**EXERCISE DATA**:
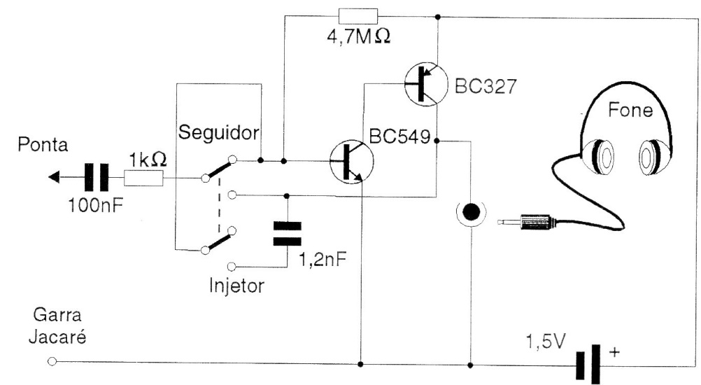 Este circuito de prueba ultra simple es de gran utilidad en cualquier banco de electrónica. La energía es suministrada por una batería y el teléfono debe ser magnético de alta impedancia. El circuito sigue solo señales de audio y el equivalente para BC327 puede ser BC557.
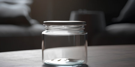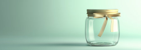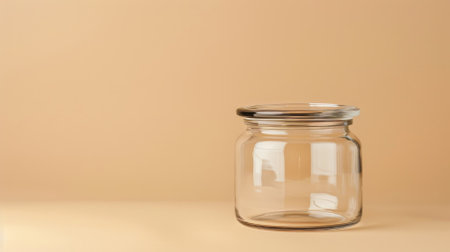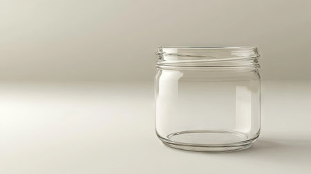 Empty open jar on smooth background with soft studio lighting, highlighting glass texture and reflections for clean composition
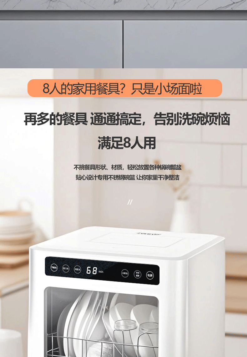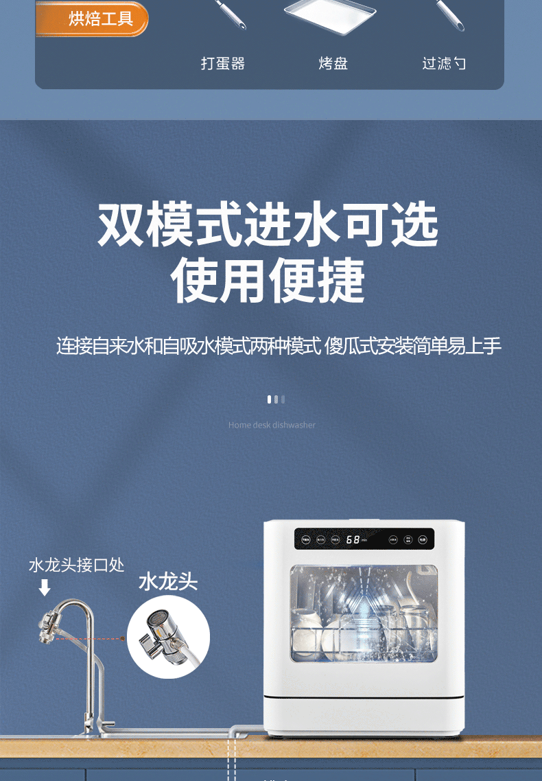 | Color Classification | 8-Person Single Inlet Standard Model[Water Faucet + 8 Bowls and 8 Dishes + Residual Heat Drying],Upgraded 8-Person Single Inlet Model[Faucet + 8 Bowls and 8 Dishes + 75℃Hot Air Drying + Ultraviolet Sterilization],8-Person, Dual Inlet Standard Model[Water Connection Faucet & Self-Priming + 8 Bowls and 8 Dishes + Residual Heat Drying],Upgraded 8-Person Dual Inlet Model[Water Connection Faucet & Self-Priming + 8 Bowls and 8 Dishes + 75℃Hot Air Drying + Ultraviolet Sterilization] |

**TASK PROMPT**: Leave out the pictures. Transcribe only the lines above, from the first through the one that contains "Empty open jar".

**SOLUTION**:
 Este circuito de prueba ultra simple es de gran utilidad en cualquier banco de electrónica. La energía es suministrada por una batería y el teléfono debe ser magnético de alta impedancia. El circuito sigue solo señales de audio y el equivalente para BC327 puede ser BC557.
 Empty open jar on smooth background with soft studio lighting, highlighting glass texture and reflections for clean composition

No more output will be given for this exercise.